──────── Supplied information

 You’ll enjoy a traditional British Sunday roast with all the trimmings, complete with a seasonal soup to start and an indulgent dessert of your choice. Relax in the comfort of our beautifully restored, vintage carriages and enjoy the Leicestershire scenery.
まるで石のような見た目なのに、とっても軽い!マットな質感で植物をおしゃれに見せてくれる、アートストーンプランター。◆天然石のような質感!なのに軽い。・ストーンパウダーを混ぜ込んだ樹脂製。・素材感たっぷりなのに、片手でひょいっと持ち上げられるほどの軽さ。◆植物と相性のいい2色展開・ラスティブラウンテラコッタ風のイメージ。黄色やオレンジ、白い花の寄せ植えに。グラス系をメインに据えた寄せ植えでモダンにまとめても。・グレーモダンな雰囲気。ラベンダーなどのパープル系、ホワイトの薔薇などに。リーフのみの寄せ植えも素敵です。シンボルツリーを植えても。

────────────────
──────── Supplied information

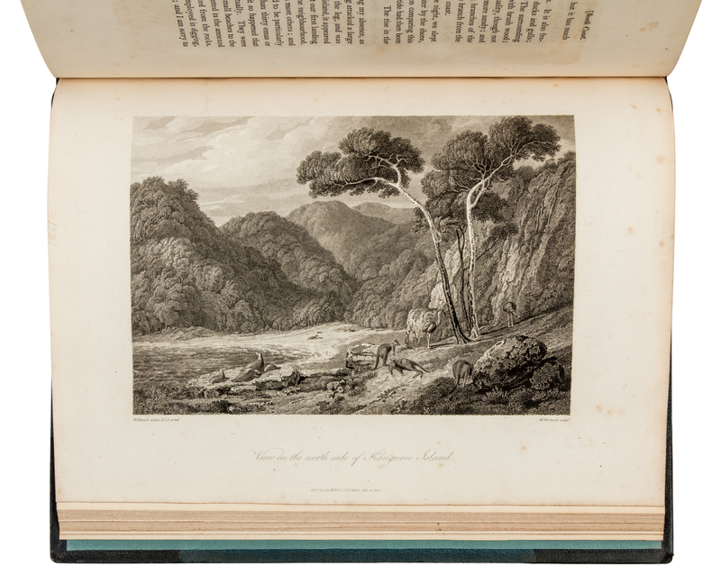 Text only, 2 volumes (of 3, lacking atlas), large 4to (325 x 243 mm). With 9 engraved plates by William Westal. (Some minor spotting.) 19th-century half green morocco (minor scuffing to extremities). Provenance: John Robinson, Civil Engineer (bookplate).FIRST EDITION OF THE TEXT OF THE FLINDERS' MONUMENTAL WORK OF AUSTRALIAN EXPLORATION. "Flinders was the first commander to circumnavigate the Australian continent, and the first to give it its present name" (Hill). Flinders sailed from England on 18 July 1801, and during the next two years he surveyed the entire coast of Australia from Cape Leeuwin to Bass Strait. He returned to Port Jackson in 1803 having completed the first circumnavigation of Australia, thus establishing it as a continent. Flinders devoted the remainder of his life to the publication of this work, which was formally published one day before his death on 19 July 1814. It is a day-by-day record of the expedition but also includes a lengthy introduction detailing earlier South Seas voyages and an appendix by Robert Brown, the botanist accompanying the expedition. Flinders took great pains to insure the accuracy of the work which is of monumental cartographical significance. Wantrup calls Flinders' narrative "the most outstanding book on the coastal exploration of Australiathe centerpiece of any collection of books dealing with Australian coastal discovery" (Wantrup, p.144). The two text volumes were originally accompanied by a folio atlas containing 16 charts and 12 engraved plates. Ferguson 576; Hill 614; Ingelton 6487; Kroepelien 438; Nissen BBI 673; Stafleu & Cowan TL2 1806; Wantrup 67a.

────────────────
──────── Supplied information

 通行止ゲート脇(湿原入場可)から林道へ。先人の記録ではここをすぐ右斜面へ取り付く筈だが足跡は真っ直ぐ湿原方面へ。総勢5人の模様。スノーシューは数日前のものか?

────────────────

Task to complete
Would you please write out, exactly and with no other lines, the stretch of the listing above from the line containing "You’ll enjoy a" through the line containing "まるで石のような見た目なのに"?

Result of the task
 You’ll enjoy a traditional British Sunday roast with all the trimmings, complete with a seasonal soup to start and an indulgent dessert of your choice. Relax in the comfort of our beautifully restored, vintage carriages and enjoy the Leicestershire scenery.
まるで石のような見た目なのに、とっても軽い!マットな質感で植物をおしゃれに見せてくれる、アートストーンプランター。◆天然石のような質感!なのに軽い。・ストーンパウダーを混ぜ込んだ樹脂製。・素材感たっぷりなのに、片手でひょいっと持ち上げられるほどの軽さ。◆植物と相性のいい2色展開・ラスティブラウンテラコッタ風のイメージ。黄色やオレンジ、白い花の寄せ植えに。グラス系をメインに据えた寄せ植えでモダンにまとめても。・グレーモダンな雰囲気。ラベンダーなどのパープル系、ホワイトの薔薇などに。リーフのみの寄せ植えも素敵です。シンボルツリーを植えても。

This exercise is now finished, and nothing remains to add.